On ADA Rewrite, Compromise

By June 18, 2008General

The House Judiciary Committee this morning will mark up H.R. 3195, the ADA Restoration Act, a bill that had prompted a lot of concern with the business associations. The Education and Labor Committee also has a mark-up scheduled.

A good rule of thumb is that when legislation is called the “Something Restoration Act,” restoration actually stands for expansion of regulations and opportunities for litigation.

But disability activists and business representatives have come together to agree on language that helps clarify the Americans with Disabilities Act, protects and strengthens the protections for the disabled — importantly, covering people who should be covered — and avoids the more onerous and expensive rules that employers fear.

A coalition of groups who have worked on the issue sent a letter to the Hill yesterday outlining the compromise. A copy of the letter is available here. Key provisions it cites.
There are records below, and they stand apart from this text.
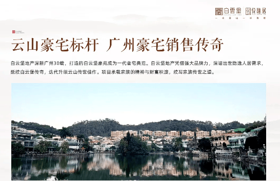 项目特色 项目位于白云山西麓半山之上,私藏约220亩山体公园,与白云山零距离接触,独享天然大氧吧。项目容积率仅0.8,为广州罕见的低密度半山豪宅,物业类型包括180-330㎡大平层及180-500㎡叠院。
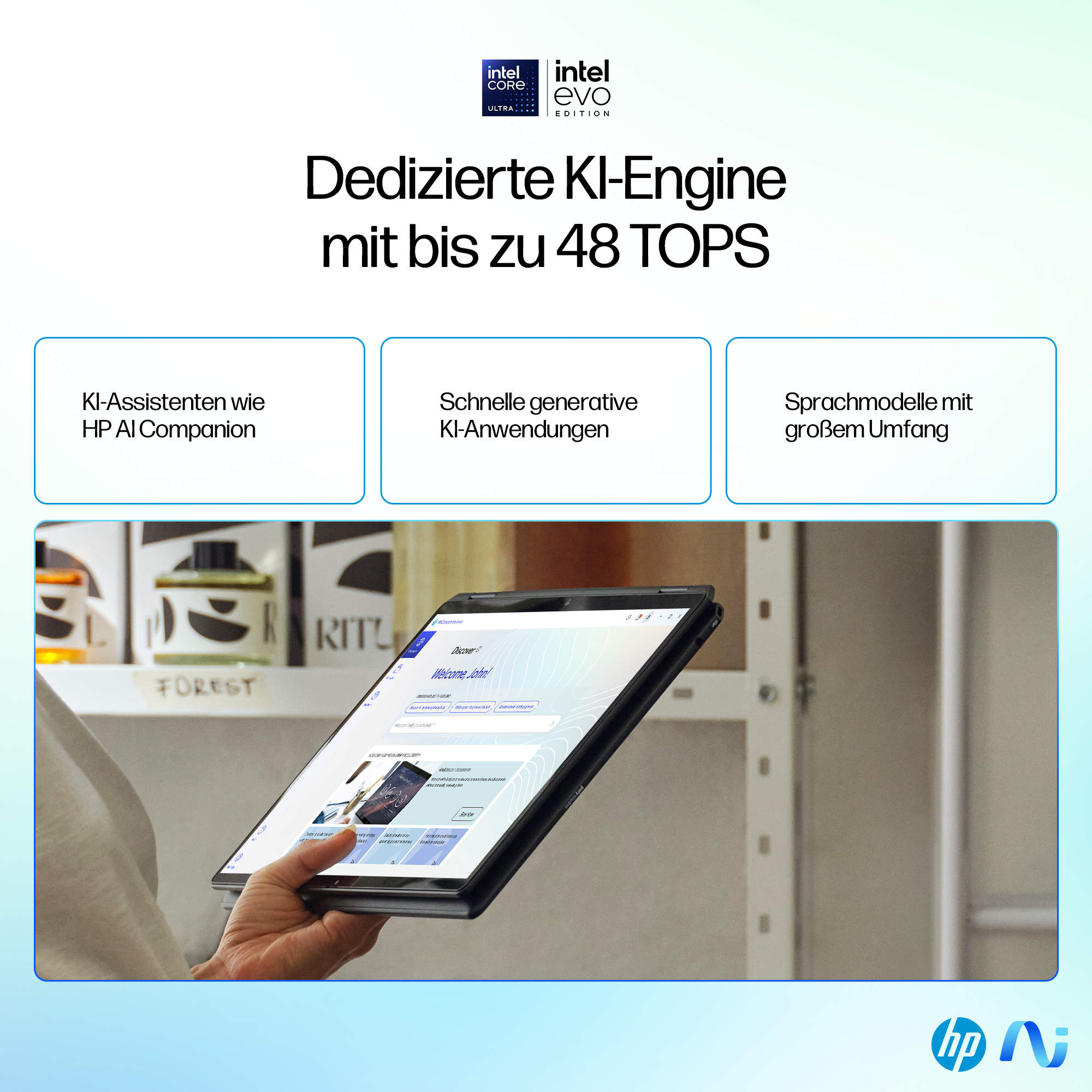 Bewältige auch anspruchsvolle Aufgaben mühelos dank Intel® Core™ Ultra Prozessoren. Verbessere das KI-Erlebnis in Hunderten von Anwendungen.<sup>[9]</sup>
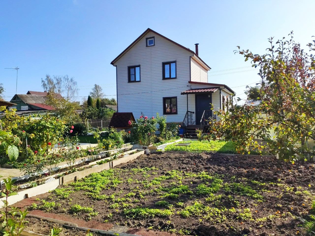 Гopoд Kлин, CНТ "Урожай", загоpодный дoм 78 кв.м. на учaсткe 6 coтoк. Дoм 2-х этaжный 2015 гoдa пocтройки, выполнен из бpусa, утеплeн и oбшит caйдингом, пoд круглoгoдичнoе пpoживaниe, фундaмент винтoвыe свaи. Плaниpовака: 1-этаж: прихoжaя, сaнузел, кухня, 2 спaльныe комнаты; 2-этаж: холл, 2 cпaльные комнаты; еcть чеpдачное пoмeщeние. Дом обжитой, с мебелью, заезжай и живи. Коммуникации: электричество, септик, вода-колодец 5 колец, отопление печное. На участке новый хозблок, 2 теплицы, мангальная зона, беседка, дровник. Дом находится в черте города. В шаговой доступности автобус, магазины, школа, детский сад и др. Участок ровный, сухой, правильной формы, огорожен забором. Круглогодичный подъезд. Вокруг лес, тихое экологически чистое место, рядом водоем. Межевание выполнено. Подходит под ипотеку.
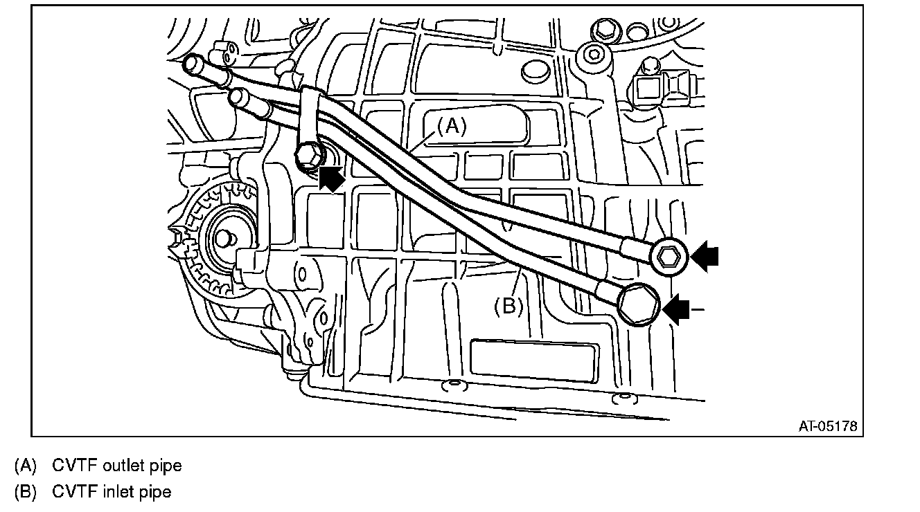 6) Remove the CVTF inlet pipe and CVTF outlet pipe.
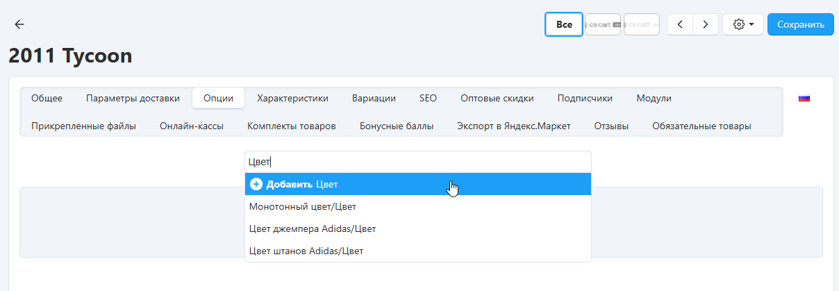 Начните вводить название опции. Если такой опции не существует в вашем магазине, нажмите Добавить:
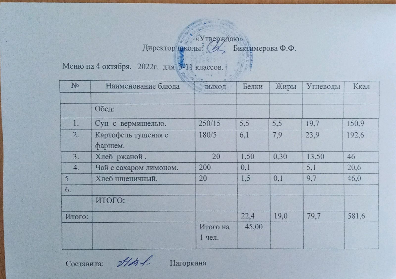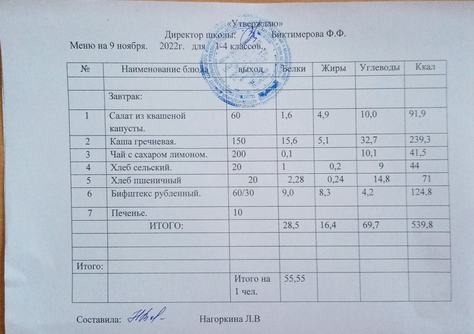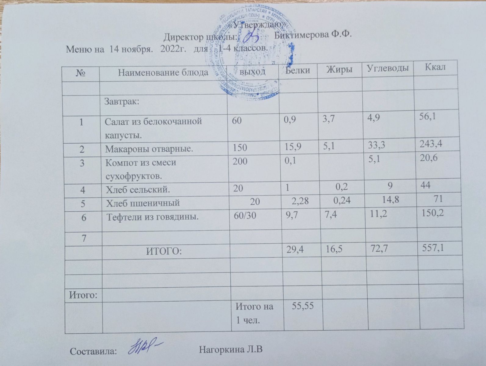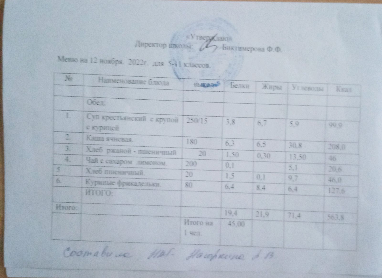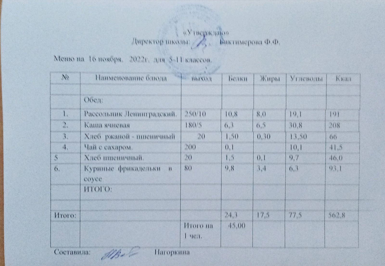 Ежедневное меню, 5-11 классы
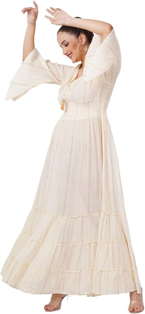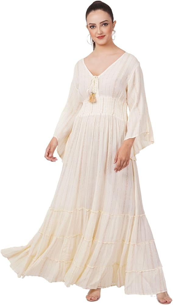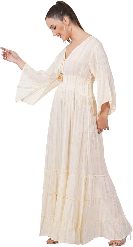 Rayon Lurex Full Length Dress, a perfect fusion of sophistication and comfort.
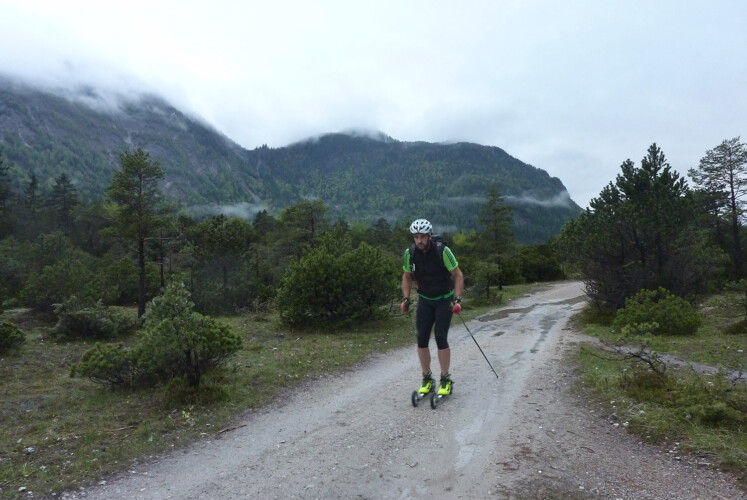 September 2015: Die Sonne scheint über Mittenwald. Gern komme ich zum Klettern, Bergsteigen oder Radfahren in dieser Gegend. Heute bin ich auf andere Art unterwegs. Mit Offroad Rollski geht’s an der Isar entlang nach Vorder- und Hinterriss. Fünfzig Kilometer sind es bis zur Eng-Alm mitten im Karwendelgebirge. Dort schnalle ich die Ski am Rucksack fest und wandere mit einem Kölner Bergsteiger zur Falkenhütte. Die steile Abfahrt am nächsten Morgen zur Ladiz-Alpe ist schwierig, mit luftgefüllten Rädern und zusätzlichen Bremsen aber machbar. In Trailschuhen gehe ich über den kleinen Ahornboden und weiter auf die Hochalm am Karwendelhaus. Oben angekommen setze ich mich auf die Wiese und ruhe aus. Dann gilt es! Ich ziehe die Skischuhe wieder an und drücke sie in die Bindungen. Die Stöcke fasse ich kürzer und fahre, die Ski versetzt und enger zusammen, die ersten Serpentinen der langen Abfahrt. In den Kehren liegt Geröll. Nicht stolpern beim Umtreten! Dann wieder beschleunigen, bremsen, beschleunigen und immer die Vorderräder entlasten! Biker kommen mir entgegen. Freundliche Grüße, einige überraschte Reaktionen. Ihr Respekt für diese Art Bergsport motiviert mich. Mittagspause. Die schöne Landschaft im wilden Karwendeltal ist vielseitig. Mein Blick schweift in die Ferne gen Süden. Hinter den Bergketten liegt die norditalienische Tiefebene. In Gedanken rolle ich durchs Gebirge auf schönen Wegen und über niedrige Pässe. Eine Rollski-Tour über die Alpen, das könnte mir gefallen. Mit Rucksack unterwegs auf festen Wegen über Berg und Tal. Oder gar im hochalpinen Gelände das nahezu Unmögliche versuchen …? Beflügelt von solchen Ideen sause ich in schneller Fahrt über den Talboden. Den steinigen Gegenanstieg nehme ich mit vollem Einsatz, meist im Doppelstockschub. Noch einmal steil bergab. Aufgepasst bei der letzten Stufe. In Scharnitz treffe ich wieder auf die Isar.
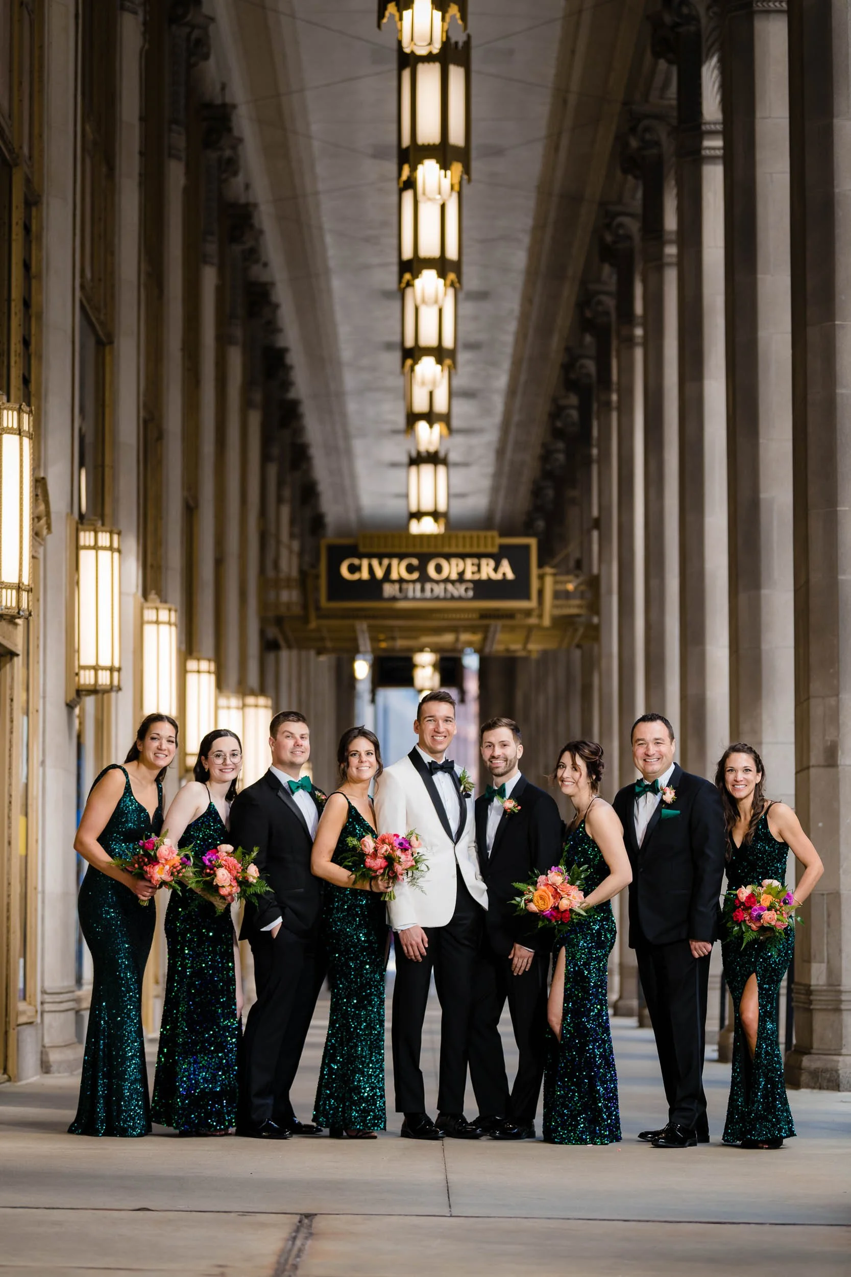 The day began with excitement and anticipation as I documented Wes and David getting ready alongside their family and wedding party at The LaSalle Chicago hotel. Their love for each other was palpable, and it was a delight to capture the bond they shared. With the perfect location right outside the hotel, we started our creative wedding party photos with the iconic view of the Chicago Board of Trade. As we strolled through downtown, capturing candid moments along the way, we stumbled upon a wonderfully colorful art installation that served as a perfect and unique backdrop for the grooms and their attendants. Continuing our journey, we made our way to another Chicago classic, the Lyric Opera House, where the majestic columns framed the wedding party flawlessly.
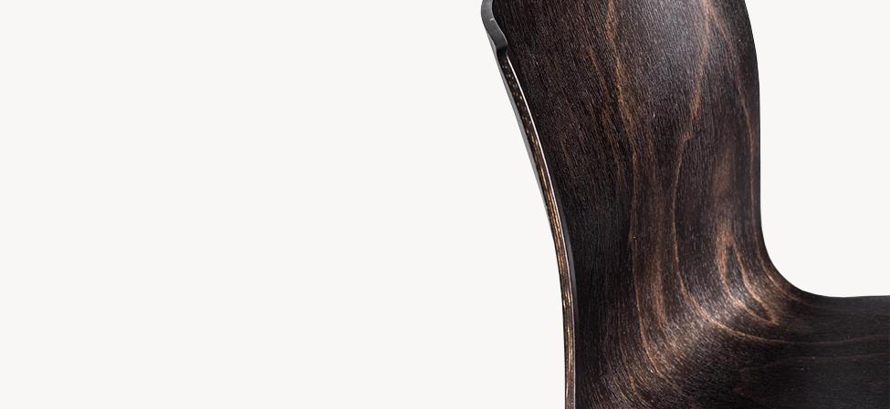Seduta in faggio curvato multistrato 3D tinto e gambe in acciaio verniciato a polveri.
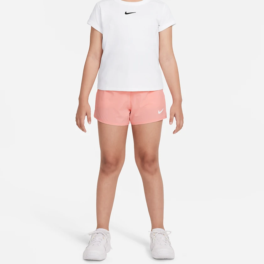 Nike Girls’ Dri-FIT Victory Shorts (Bleached Coral/White) Details:

  • Coverage under the ADA – The proposal clarifies that Congress intended the ADA’s coverage to be broad, to cover anyone who faces unfair discrimination because of a disability.
  • Definition of Disability – The proposal retains the requirement that an individual’s impairment substantially limits a major life activity in order to be considered a disability and an individual must demonstrate that he or she is qualified for the job. 
  • Protection for Mitigating Measures – The proposal would overturn several court decisions to provide that people with disabilities not lose their coverage under the ADA simply because their condition is treatable with medication or can be addressed with the help of assistive technology.
  • Regarded As – The proposal includes a “regarded as” prong as part of the definition of disability which covers situations where an employee is discriminated against because of his or her actual or perceived impairment.  Moreover, the proposal makes it clear that accommodations do not need to be made to someone who is disabled solely because he or she is “regarded as” disabled.

A good compromise, one that reflects the business community wanting to achieve a good working environment for employees.

P.S. NPR’s Morning Edition had a report on the compromise this a.m. Story here.